What should an employer do when it determines that it has misclassified employees as exempt and failed to pay them overtime required under the Fair Labor Standards Act? I’m providing an FLSA update to the Alabama Society for Human Resource Management (ALSHRM) tomorrow. In my preparations, I found an interesting Alabama case on this issue: Cornelison v. Southern Synergy, Inc., No. 5:20-cv-01157-MHH, 2024 WL 2807018 (N.D. Ala. May 31, 2024).
In that case, Steven Cornelison sued Southern Synergy claiming that it misclassified him and owed him overtime. Mr. Cornelius also asked the Court to certify a collective action composed of other employees who were misclassified and owed overtime.
Here’s where things went awry. Southern Synergy promptly analyzed its workforce and determined that it failed to pay overtime to employees. So, it smartly calculated overtime owed and paid it to applicable employees. But, Southern Synergy did not give those employees liquidated damages equal to the amount of overtime withheld. And, under the FLSA, the employees were entitled to liquidated damages unless Southern Synergy could prove that it, in good faith, previously believed they were not entitled to overtime. Southern Synergy sent the employees a letter explaining the extra pay, but did not mention liquidated damages and directed employees to contact the HR Director with any questions.

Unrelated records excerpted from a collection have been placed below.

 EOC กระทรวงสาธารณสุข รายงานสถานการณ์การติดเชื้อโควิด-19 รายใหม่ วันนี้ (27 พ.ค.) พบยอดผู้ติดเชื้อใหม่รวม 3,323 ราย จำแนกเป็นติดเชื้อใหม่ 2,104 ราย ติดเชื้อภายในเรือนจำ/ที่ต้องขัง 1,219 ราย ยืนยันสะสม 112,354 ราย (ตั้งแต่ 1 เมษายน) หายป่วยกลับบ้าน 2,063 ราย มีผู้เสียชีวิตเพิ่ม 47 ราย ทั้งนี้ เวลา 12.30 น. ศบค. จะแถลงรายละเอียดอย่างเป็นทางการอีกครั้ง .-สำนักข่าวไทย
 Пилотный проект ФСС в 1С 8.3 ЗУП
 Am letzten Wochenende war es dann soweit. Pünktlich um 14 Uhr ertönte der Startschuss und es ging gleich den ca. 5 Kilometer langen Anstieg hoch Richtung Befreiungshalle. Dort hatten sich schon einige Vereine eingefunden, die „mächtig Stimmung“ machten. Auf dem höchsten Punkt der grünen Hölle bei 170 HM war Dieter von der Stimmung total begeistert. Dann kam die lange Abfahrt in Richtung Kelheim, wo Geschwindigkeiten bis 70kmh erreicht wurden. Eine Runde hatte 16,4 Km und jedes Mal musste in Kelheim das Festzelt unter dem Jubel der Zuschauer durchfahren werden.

Mr. Cornelison’s attorneys argued that Southern Synergy’s actions were an improper attempt to avoid its obligation to pay liquidated damages under the FLSA. And, United States District Court Judge Madeline Haikala agreed. On September 25, 2021, she issued an order requiring that notice be given to all employees of Mr. Cornelison’s lawsuit and their potential ability to join the lawsuit. On March 22, 2022, she approved the language for the notice that would be provided to employees.

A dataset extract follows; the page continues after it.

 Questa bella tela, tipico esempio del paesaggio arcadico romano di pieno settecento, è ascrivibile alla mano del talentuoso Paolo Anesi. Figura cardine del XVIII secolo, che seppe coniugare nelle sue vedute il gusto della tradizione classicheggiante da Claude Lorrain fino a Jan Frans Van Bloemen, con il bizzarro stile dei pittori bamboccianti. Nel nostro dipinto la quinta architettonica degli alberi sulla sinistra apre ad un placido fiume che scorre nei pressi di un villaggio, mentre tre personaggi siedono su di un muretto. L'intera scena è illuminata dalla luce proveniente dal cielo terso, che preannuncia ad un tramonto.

Southern Synergy then required employees to attend a mandatory meeting in April of 2022. During that meeting, the litigation was discussed and employees were directed to contact the HR Director with any questions. They were told that Mr. Cornelison could make settlement decisions for them. And, Southern Synergy omitted information about Court approval required for any settlement.
Thereafter, no Southern Synergy employees contacted Mr. Cornelison’s lawyers or opted into the collective action. So, Mr. Cornelison’s filed a motion for sanctions, arguing that Southern Synergy continued to interfere with the employees’ FLSA rights.

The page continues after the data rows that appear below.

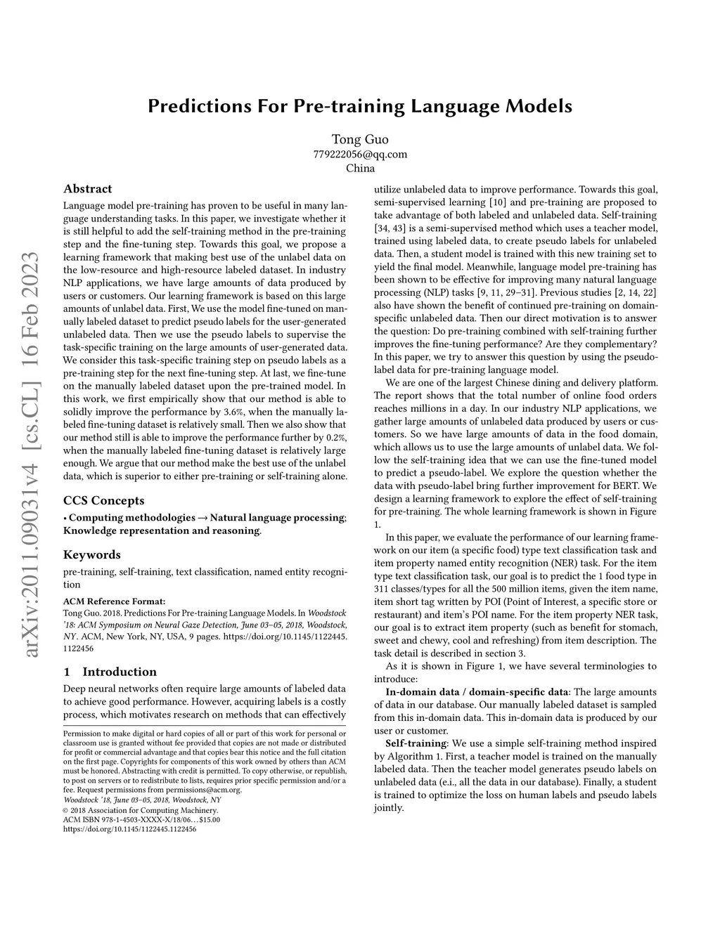 Language model pre-training has proven to be useful in many language understanding tasks. In this paper, we investigate whether it is still helpful to add the specific task's loss in pre-training step. In industry NLP applications, we have large amount of data produced by users. We use the fine-tuned model to give the user-generated unlabeled data a pseudo-label. Then we use the pseudo-label for the task-specific loss and masked language model loss to pre-train. The experiment shows that using the fine-tuned model's predictions for pseudo-labeled pre-training offers further gains in the downstream task. The improvement of our method is stable and remarkable.
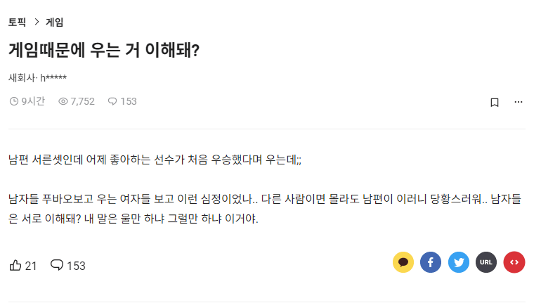 - 유머가 아닌 펌글, 영상 등 가볍게 볼 수 있는 글들도 게시가 가능합니다.
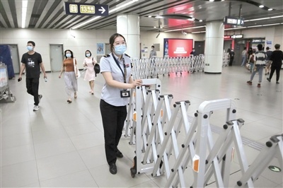 10号线芍药居站的班长定寅硕介绍,目前受疫情影响,乘坐公共交通的人数减少,围栏拆除的一个月时间里,早晚高峰时段暂时没有出现人员聚集站台的情况。但预计在疫情过去以后,客流高峰时还是需要一些限流措施,因此,他们做好了预案。
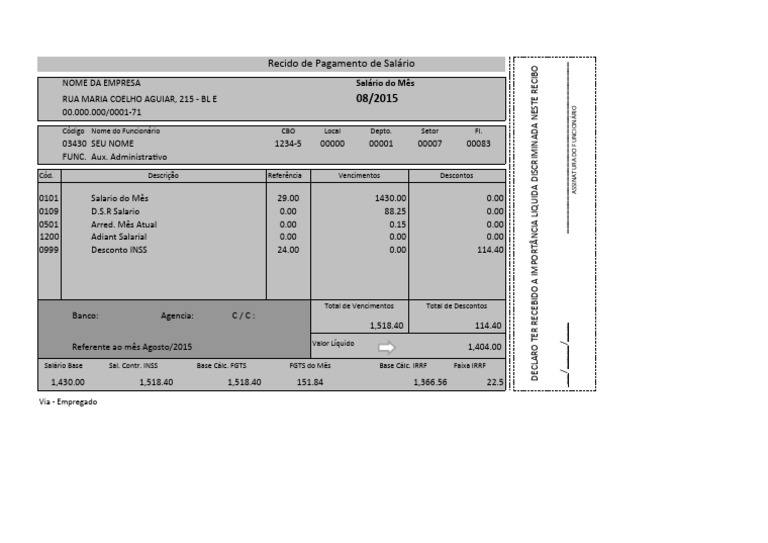 Salário Base Sal. Contr. INSS Base Cálc. FGTS FGTS do Mês Base Cálc. IRRF Faixa IRRF

On May 31, 2024, Judge Haikala granted the motion for sanctions. She noted that employers are allowed to communicate with potential class members about collective actions, but that such communications cannot be “factually inaccurate, unbalanced or misleading.” Additionally, the information provided cannot “include communications that coerce prospective class members into excluding themselves from the litigation; communications that contain false, misleading or confusing statements; and communications that undermine cooperation with or confidence in class counsel.”
Mr. Cornelison’s lawyers asked for sanctions equal to the amount of liquidated damages that would otherwise have been payable to members of the class. But, Judge Haikala did not go that far. Instead, she only order Southern Synergy to pay Mr. Cornelison’s attorneys’ fees based on the extended litigation caused by Southern Synergy’s actions.
And, at the end of the day, those attorneys’ fees totaled $86,007.50. That’s a fairly hefty sum. But, Mr. Cornelison’s liquidated damages were approximately $31,000.00. If other employees were entitled to similar amounts of liquidated damages, Southern Synergy may have saved itself money — even though Judge Haikala found that its actions were improper.
Here are my takeaways:
- Regularly review your workforce to determine if employees are receiving the overtime to which they are entitled.
- If you determine that you have failed to pay overtime, fix that problem quickly.
- Determine if you possess a “good faith” defense that may allow you to avoid payment for liquidated damages.
- If you decide to communicate with employees about payments, make sure that all communications are neutral and truthful.
- All litigation involves balancing risk with reward. In this case, Southern Synergy may have taken a risk in its communication with employees and it may have paid off.